This is kutani ware, a traditional handcrafted artform famous to Ishikawa prefecture.
It is a special form of pottery that is renowned worldwide for it’s historically significance and beauty.
In this article I would like to explain the process of creating kutani ware from initial conception to completion.
① 採石 quarrying
Kutani ware is made from porcelain stone that is mined in the Hanasaka area of Ishikawa prefecture’s Komatsu city.
This Hanasaka porcelain was first discovered during the latter half of the Edo period.
Hanasaka porcelain stone continues to play a vital role in the production of kutani ware to this day.
② The process of turning porcelain stone into clay.
Clay is created by first pulverizing porcelain stone, and then putting the compound through several processes.
A characteristic of Hanasaka porcelain is it’s high iron-content, so created materials come out gray or often a deeper shade of white. It is also particularly sticky, which is often said to make it easier to form while on the pottery wheel. Through the efforts of recent clay-manufacturers, clay that is more suitable for casting is also being produced.
③ 成形 Molding
This is the process of molding clay into the desired shape. There are several ways this is done.
The picture above depicts the process of molding clay using a pottery wheel. This is the process of forming lumps of clay that are being rotated on the pottery wheel. You can create sake drinking cups, tableware, and pots as well as many various other kinds of items.
・Cast molding by pouring viscous clay into a plaster mold and then shaping. This is often used to create more decorative ornaments, as well as bowls and containers.
・Traditionally the means of molding clay for decorative pieces has been to develop by hand. By crafting each part, pushing and pulling the clay, developing the shape by hand, and finally by pulling everything together for one overall look. This takes a lot of time and effort, so molding by casting has become the mainstream method.
・Hand-pinching or Tebineri is the process of creating smaller workable people, piling them together, and forming them together to create the final shape.
In the case of Tatara molding, clay is made into a flat plate formed with uniform thickness and is then shaped into a square shape.
④ Firing unglazed pottery
Begin by firing the shaped clay.
In the past, firewood was burned in a climbing kiln and baked, but recently gas and electric kilns have become mainstream.
The picture below is a piece of kutani ware known as a Miyayoshi pottery.
The clay is then fired at over 800 degrees Celsius.
The process of firing takes between 6 and 7 hours to complete.
A unglazed vessel taken out of the kiln.

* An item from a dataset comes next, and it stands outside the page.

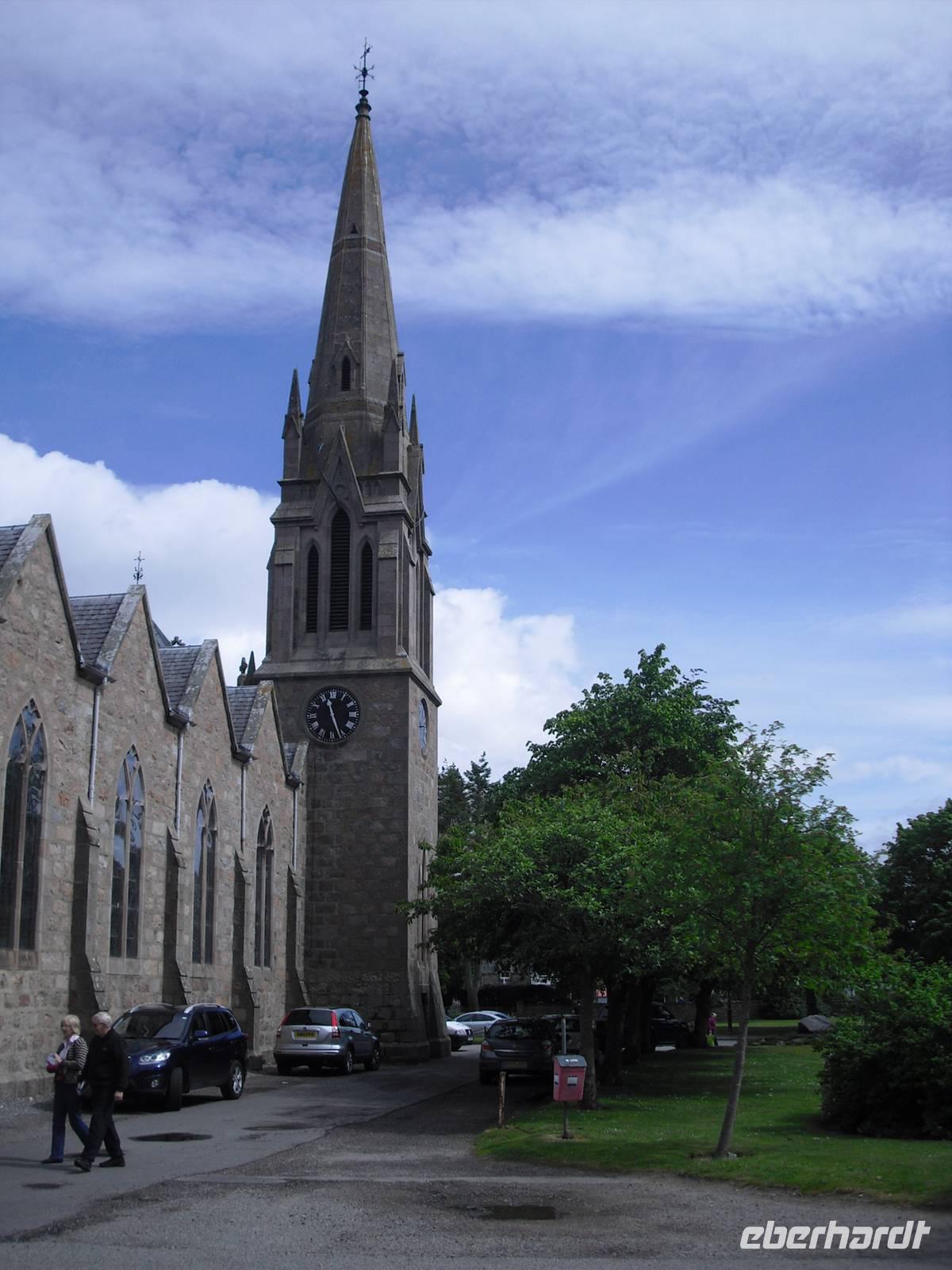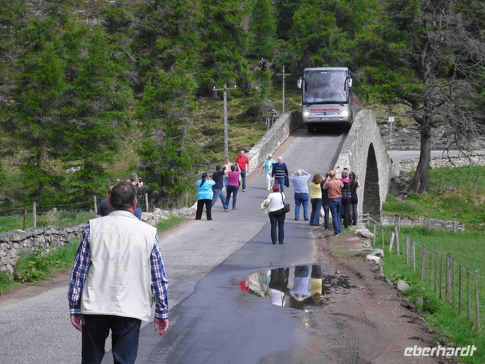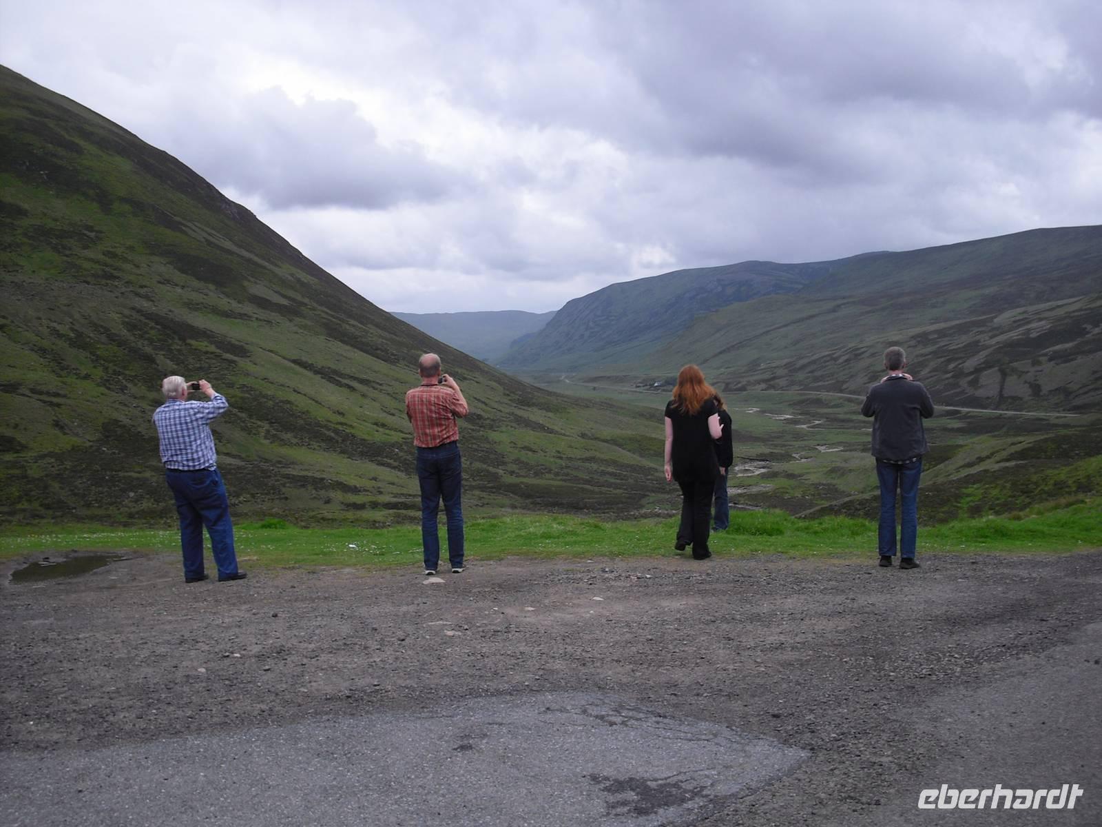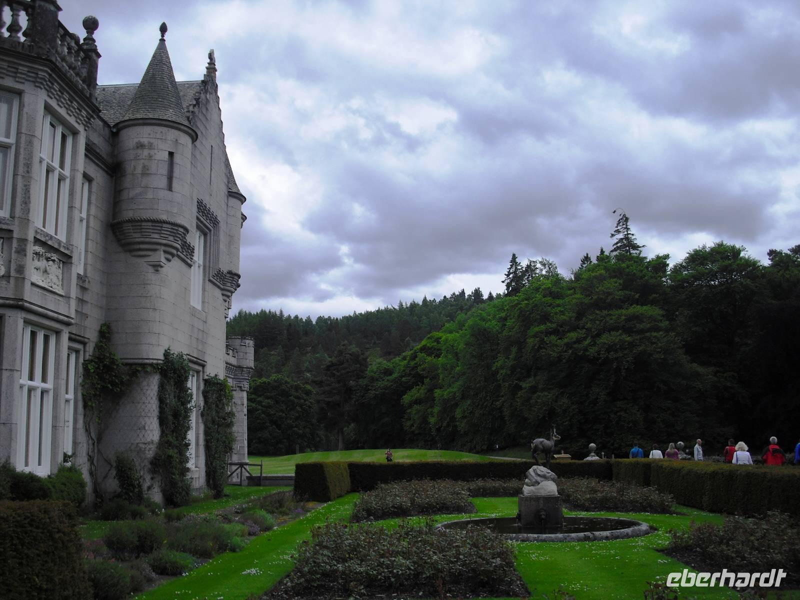 Heute begann nach dem Frühstück eine Panoramatour durch die Grampian Mountains. In Tomintoul legten wir eine erste Service - Pause ein und fuhren anschließend nach Ballater. Der Bus hatte dort eine Tankstelle und wir lernten den königlichen Hofbäcker für die Versorgung der Royals auf Balmoral Castle kennen. Schließlich wollten ja alle Reisegäste die schottische Sommerresidenz der englischen Königsfamilie kennenlernen. Königin Victoria und ihr Gemahl Prinz Albert hatten sich hier nach einem ersten Schottlandbesuch im Jahr 1842 ein Schloss im Stil viktorianischer Romantik gebaut. Von einem Audio-Guide erfuhren wir viel Wissenswertes und wandelten in königlichen Gefilden. Wenn Königin Elisabeth II. in Balmoral Castle weilt, dann besucht sie sonntags die Kirche in Braemar zur Messe und am ersten Sonnabend im September eines jeden Jahres die eindrucksvollen Braemar Highland Games. Die Disziplinen sind Seilziehen, Hammerwerfen, Kugelstossen, Baumstammwerfen und nicht zu vergessen: Dudelsack spielen, Whisky und Bier trinken !

The clay will have turned to a subtle reddish brown color.
Glazing is the process of applying an enamel coating to an unglazed piece of pottery.

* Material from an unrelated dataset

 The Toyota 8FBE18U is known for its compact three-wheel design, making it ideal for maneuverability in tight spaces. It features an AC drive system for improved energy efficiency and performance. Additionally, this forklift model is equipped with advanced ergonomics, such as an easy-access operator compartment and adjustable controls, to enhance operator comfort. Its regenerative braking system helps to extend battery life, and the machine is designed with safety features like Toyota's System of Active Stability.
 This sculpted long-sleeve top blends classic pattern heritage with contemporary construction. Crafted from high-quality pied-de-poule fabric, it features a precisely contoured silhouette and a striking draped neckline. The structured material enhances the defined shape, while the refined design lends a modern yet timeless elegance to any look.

This enamel is a liquid base that will cover your pottery. The process of glazing must be adjusted depending on the firing temperature as well as the quality of glass you are working with.

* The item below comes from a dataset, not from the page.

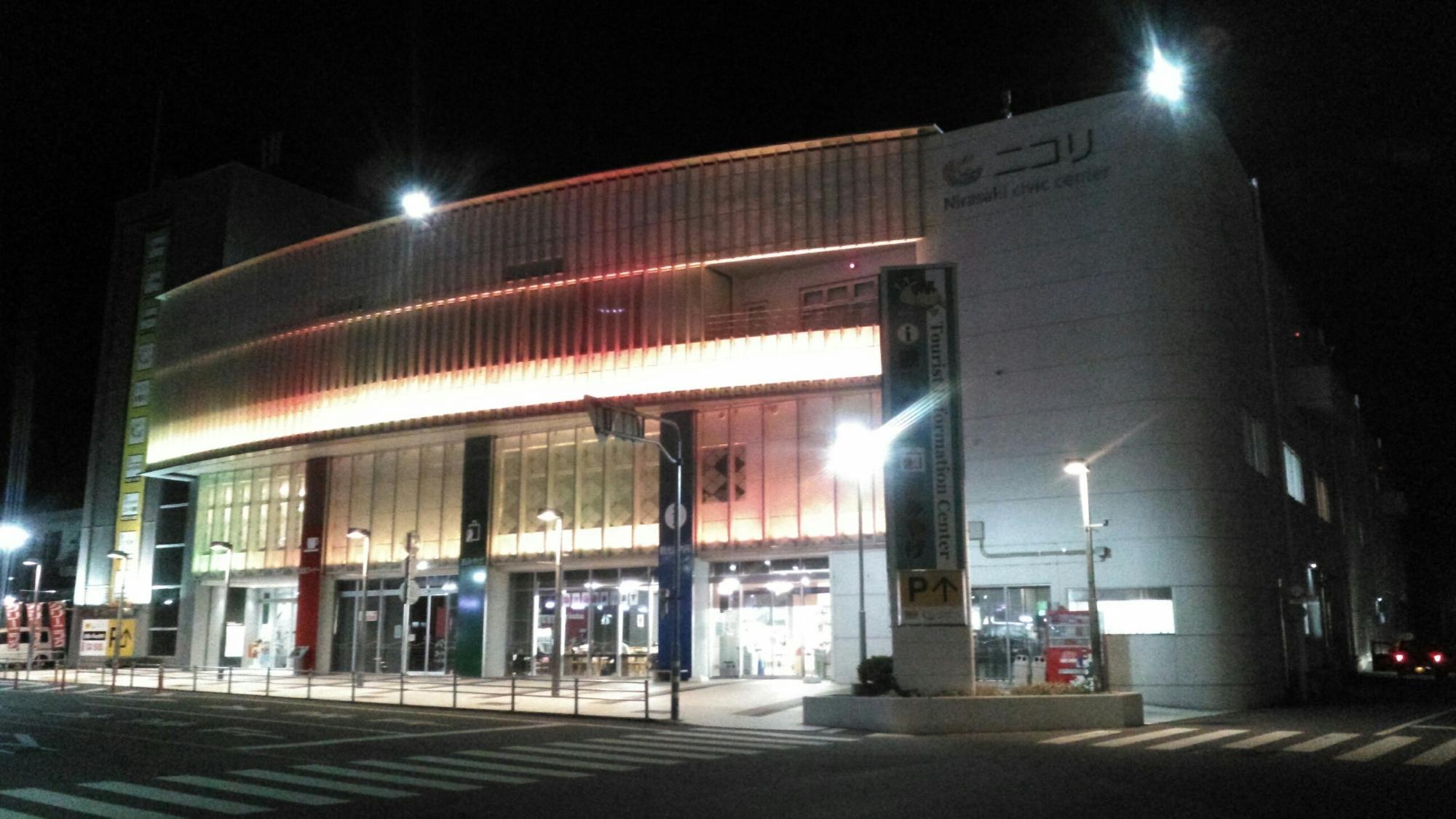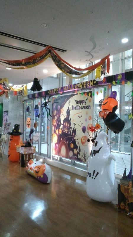 韮崎駅前にある市民交流センターニコリのイルミネーションがハロウィン色に輝いています。館内では大きなハロウィンパネルが設置されて行き交う家族連れを楽しませています。

It is important to work quickly to achieve an even coat of enamel across the entire piece. It is truly a work of art.
⑥ Firing the glazed pottery
Just as with unglazed clay, pottery used to be fired in a vertical kiln, but recently gas and electric kilns have become mainstream.
The picture below once again shows a Miyayoshi ceramic. The enamel has been applied very precisely.
Glazed pottery must be heated at a higher temperature than unglazed pottery, so the kiln will burn at 1300 degrees Celsius this time.
The firing time will be roughly 12 hours.
When this final firing process is finished, the clay should turn white, and the enamel should be transparent with a shine.
⑦ Final painting and decoration
To start draw outline and pattern lines on the already fired white porcelain with a type of material known as gosu.
* Gosu is a type of pigment containing cobalt, manganese, iron, etc.
↓ The picture below is decorated with gosu and a Japanese red paint.
Kutani were originally decorated with black gosu and what is known as the *wucai style of colors.
The piece has been decorated with gosu and red lines,
so the 4 additional colors of the wucai style were adorned using a traditional Japanese writing utensil.
It is important to be sure to not paint over any previous red lines. This is because overlapping with any previously painted red lines would render them invisible after the firing process.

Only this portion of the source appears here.